**Dataset records**
#####
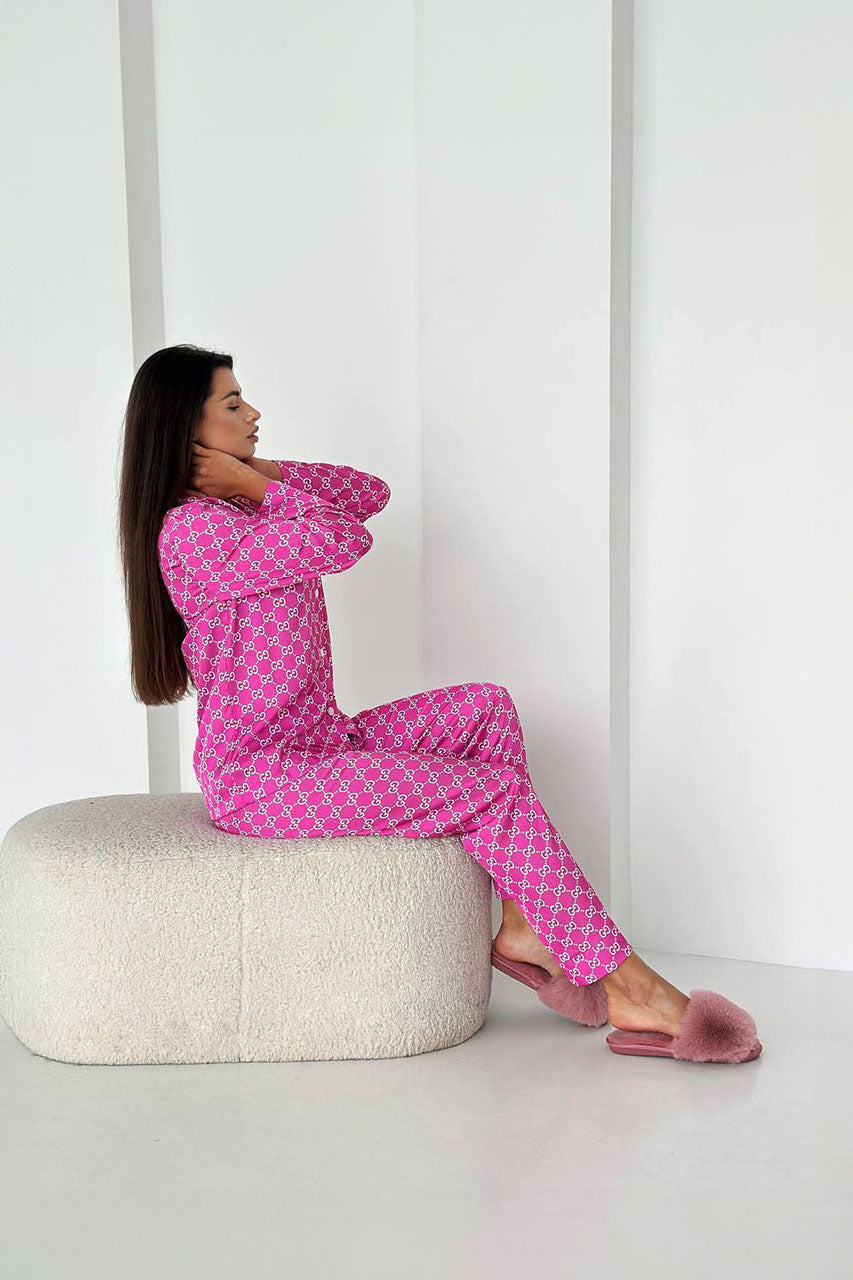 Костюм має вільну подовжену сорочку на ґудзиках та накладною кишенею на грудях. Штани прямого крою високої посадки на тонкій резинці на поясі, яка добре тримає, але й не перетискає 👌
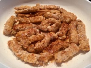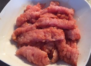*** Schab kroimy w plastry a następnie w paseczki i doprawiamy solą, pieprzem, papryką mieloną oraz majerankiem ***
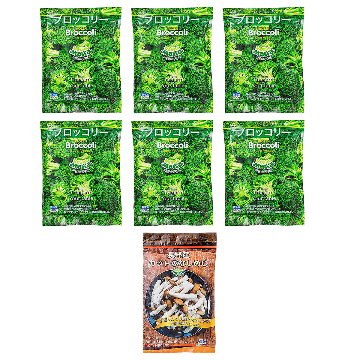 [アレルギー物質特定原材料8品目] なし [商品内容] ・ブロッコリー500g×6袋 ・ぶなしめじ300g [保存方法] 開封前:冷凍(ー18℃以下)で保存してください 開封後:開封後はお早めにお召上がりください [お召し上がり方] <ブロッコリー> 電子レンジの場合: 凍ったままの本品を皿にのせ、ラップをかけて下記の時間を目安に加熱してください ※機種によっては加熱時間は多少異なります ※調理後は、かなり熱くなっておりますので、ラップを取り除く際はどは、やけどに十分御注意ください <加熱時間の目安> 500W 600W 100g 約2分30秒 約2分 150g 約3分 約2分30秒 ボイルする場合: 熱湯の中に、凍ったままの商品を適量入れて、サッとゆでてください ※温めすぎは調理不良の原因となります 炒める場合: フライパンにバター等をとかし、凍ったままの商品を適量入れて、強火で炒めてください ※油がはねることがあります <ぶなしめじ> 加熱してお召上がりください。調理中にやけどにご注意ください [注意事項] <ブロッコリー> ※再凍結はお避けください ※解凍後はすぐにご使用ください ※いったん凍結したものを再び凍らせますと、品質が変わることがありますので再凍結は避けて早めにお召し上がりください <ぶなしめじ> ※本商品は加熱調理してありません ※調理時のやけどにご注意ください ※解凍後の再凍結はお止めください ※電子レンジで加熱する場合は袋から出してから加熱してください ※個体差があるため大きさにバラつきがあります。ご容赦ください [原料原産地] ぶなしめじ(長野県) [原産国] ブロッコリー:エクアドル ぶなしめじ:日本 [原材料] ブロッコリー:ブロッコリー ぶなしめじ:ぶなしめじ ※原料原産地:長野県
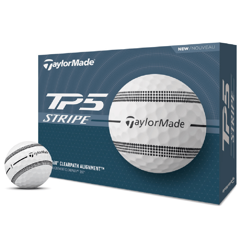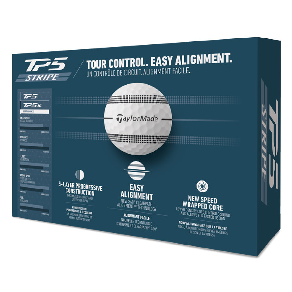 The TaylorMade TP5 Stripe Golf Ball has been substantially improved thanks to the new Soft-Tough Cast Urethane Cover and Speed Wrapped Core. This explosive 5-layer Tour ball has maximum soft-feel with high ball flight for better golfers. Clearpath lines!
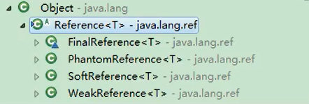 这4种引用强度依次逐渐减弱。除强引用外,其他3种引用均可以在 java.lang.ref 包中找到它们的身影。如下图,显示了这3种引用类型对应的类,开发人员可以在应用程序中直接使用它们。
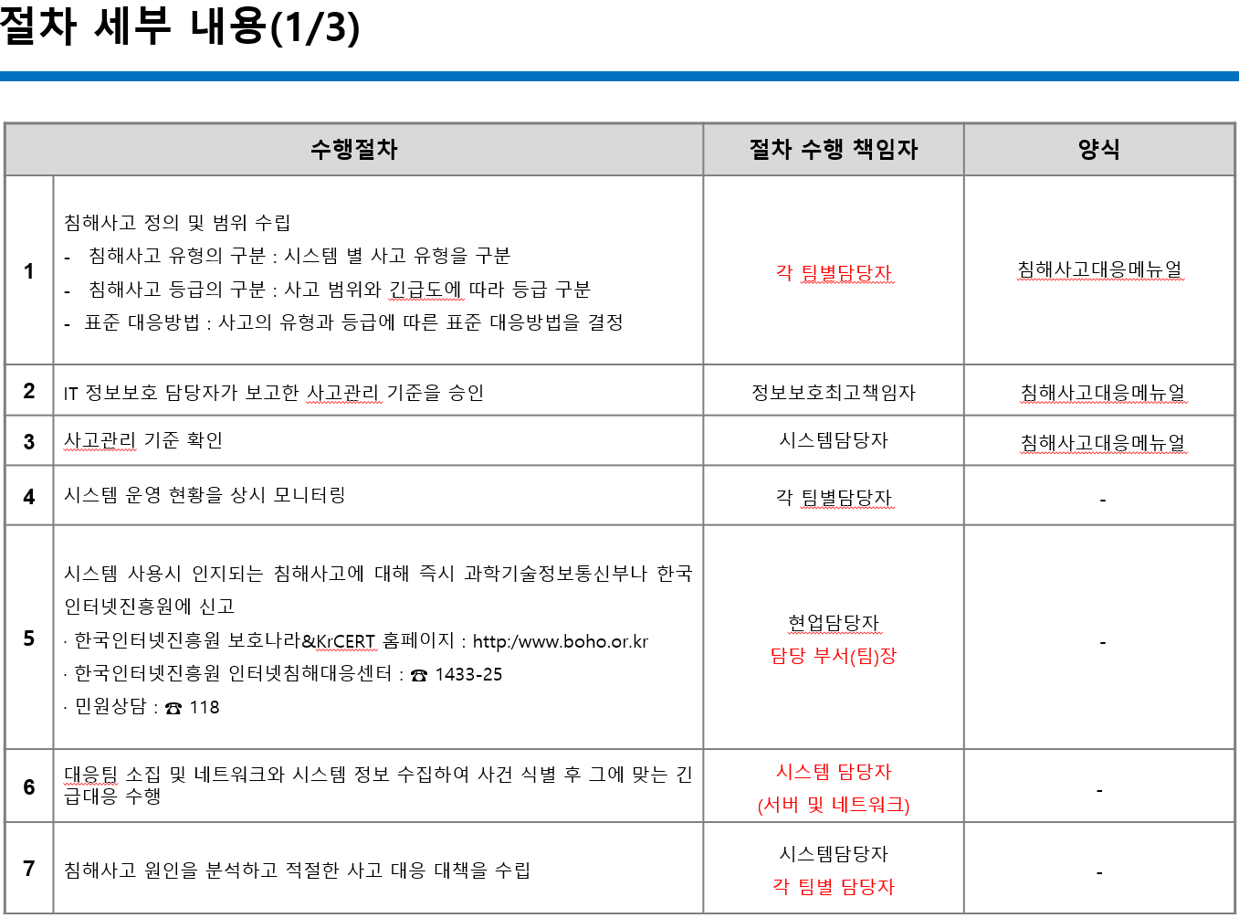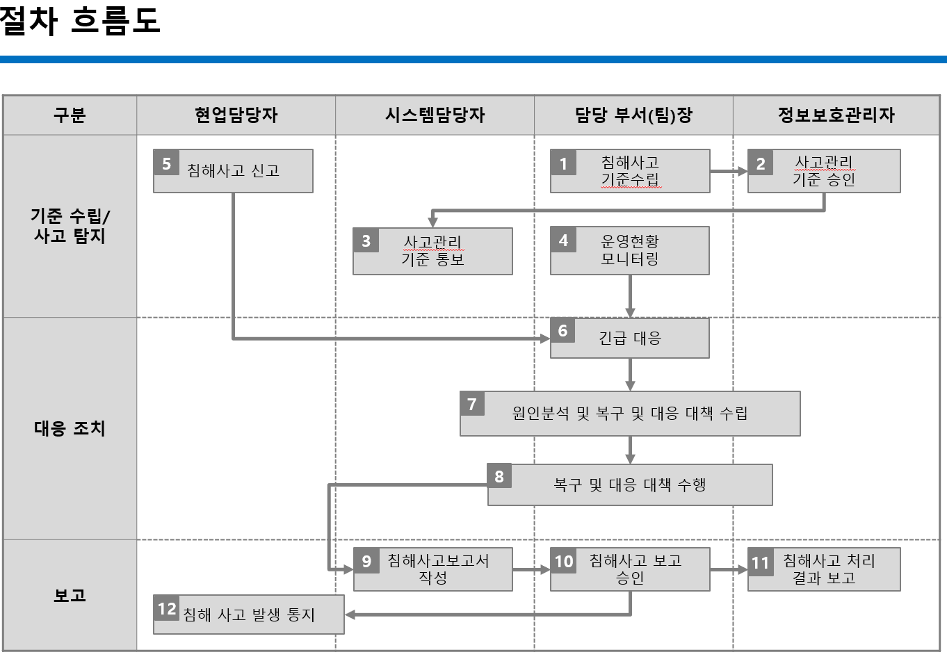 - 침해사고 발생 시 기록, 보고, 사고전파 절차
#####
**EXERCISE DESCRIPTION**
Please set down exactly the lines from the first line of the data above through the line with "oraz majerankiem ***", both included, leaving out the pictures.

**EXERCISE RESULT**
 Костюм має вільну подовжену сорочку на ґудзиках та накладною кишенею на грудях. Штани прямого крою високої посадки на тонкій резинці на поясі, яка добре тримає, але й не перетискає 👌
*** Schab kroimy w plastry a następnie w paseczki i doprawiamy solą, pieprzem, papryką mieloną oraz majerankiem ***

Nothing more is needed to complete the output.